Following her grandad’s death, play therapy enabled Amelia to come to terms with the grief in a method and medium she understood and felt comfortable with. Yet play therapy also helped Amelia before her grandad’s death. 

Working – or better, playing – with Jola empowered Amelia come to terms with her grandad’s condition and prognosis – many months before he passed away. But rather than this understanding causing stress or anxiety, or preventing Amelia enjoying her last few months with her grandad, it did the opposite. It gave her a renewed appreciation of how precious his remaining time was – and encouraged her to make the most of it.
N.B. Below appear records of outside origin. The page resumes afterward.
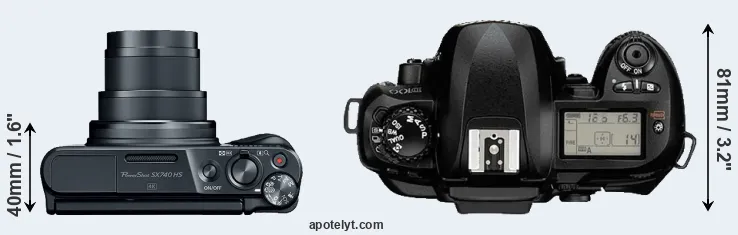 The above size and weight comparisons are to some extent incomplete and possibly misleading, as the SX740 has a lens built in, whereas the D100 is an interchangeable lens camera that requires a separate lens. Attaching the latter will add extra weight and bulk to the setup. You can compare the optics available for the D100 and their specifications in the Nikon Lens Catalog.
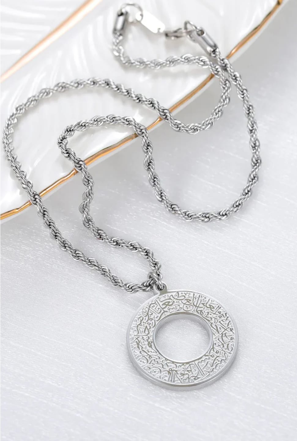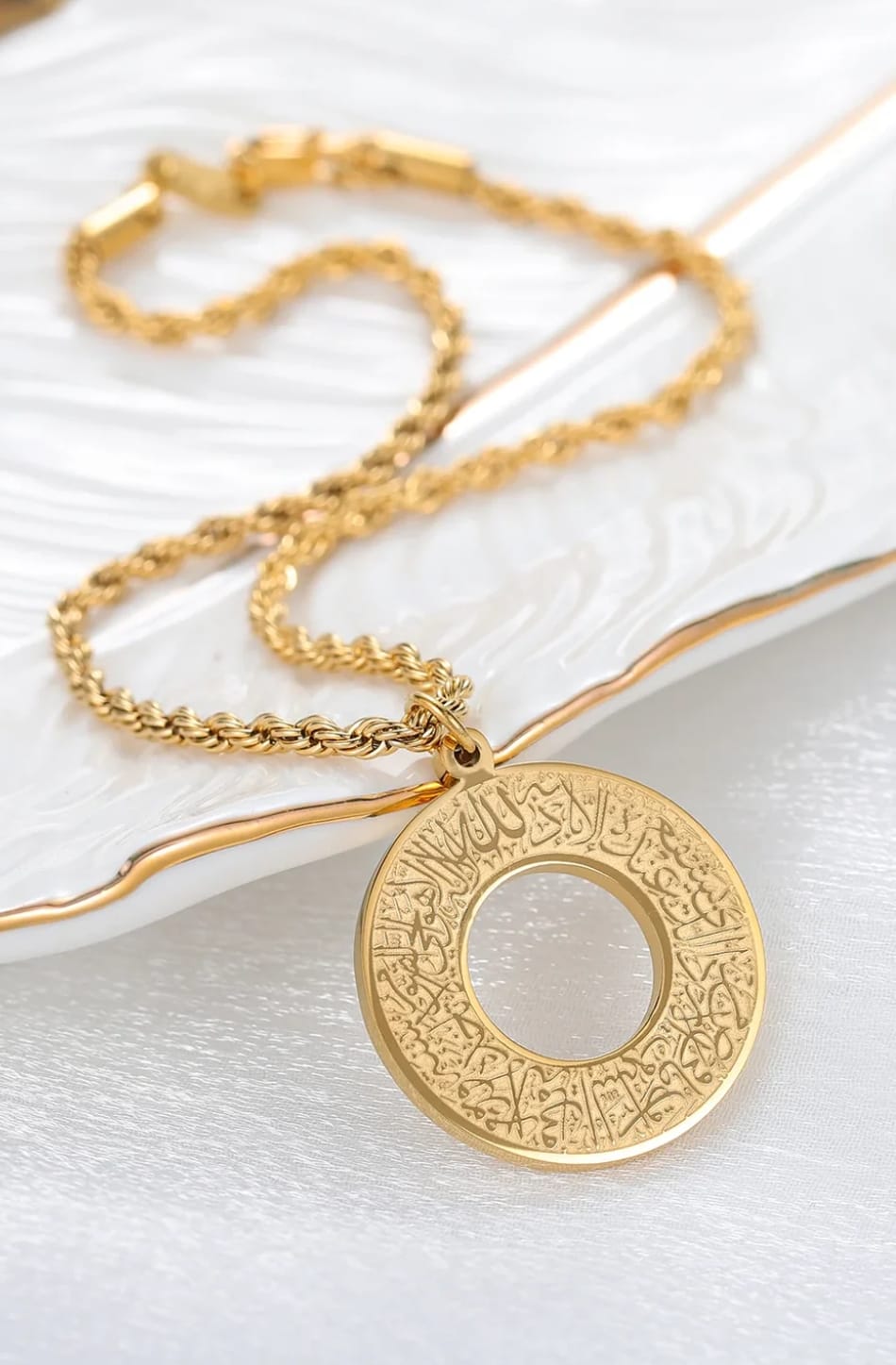 Wear the profound verses of Ayatul Kursi close to your heart, elegantly inscribed on the golden canvas of this hollow disk. The pendant's delicate design captures the essence of divine protection, making it a timeless piece for daily devotion or special occasions.
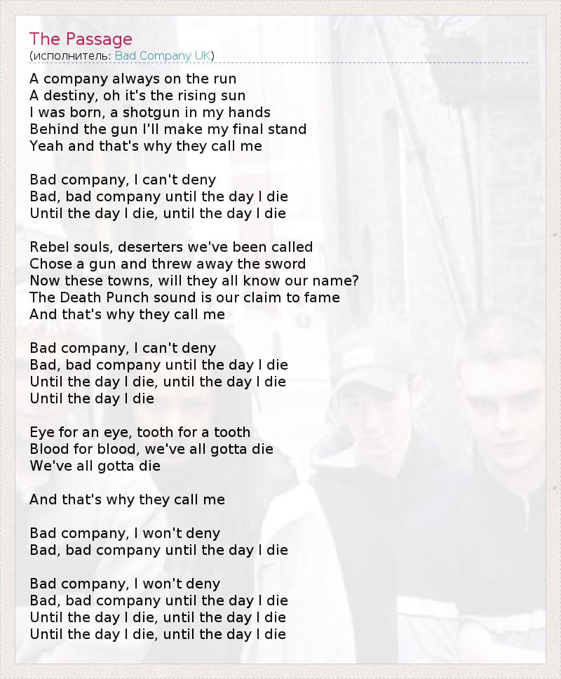 Это интересно:История Bad Company берёт начало во второй половине 1990-х — именно тогда четырёх музыкантов свёл вместе один из старейших dnb-лейблов Renegade Hardware. До объединения Мальдини и Уайт уже работали вместе под общим псевдонимом Absolute Zero, Штейн и Вожики также некоторое время работали в дуэте. Однако, лишь объединение в квартет раскрыло истинный творческий потенциал музыкантов и сделало их одними из классиков... продолжение

“Dad stayed with us for the last six weeks of his life,” Sam explains, “and received care from my home. Amelia cherished that time. She knew he was poorly, but it meant she could have that time for those extra cuddles. Those little five-minute chats; taking him a cold drink, or cutting his cake. Watching rubbish TV together, just for the sake of watching it.

“Those intimate moments are ones not everyone gets, because they don’t have the time to process the enormity of things. But because Amelia knew the path and progress of her grandad’s disease – which play therapy gave her – she was calm, accepting, and resilient. And able to make those memories with her grandad in the final days and weeks of his life.”

Jola’s play therapy helped Amelia through all stages of grief; through each step of one of the most challenging periods of her life. But as her mum explains, play therapy has benefits not only for recently bereaved children – but for everyone.

“For every family, it’s crucial that a child has that impartial person to express their feelings to – whether it’s through play, reading a story, or simply being there at the other end of the phone. Because even a child without comprehension, or who might say nothing, is still gaining so, so much from that bond.

“They can say what they need to say. And that’s important.”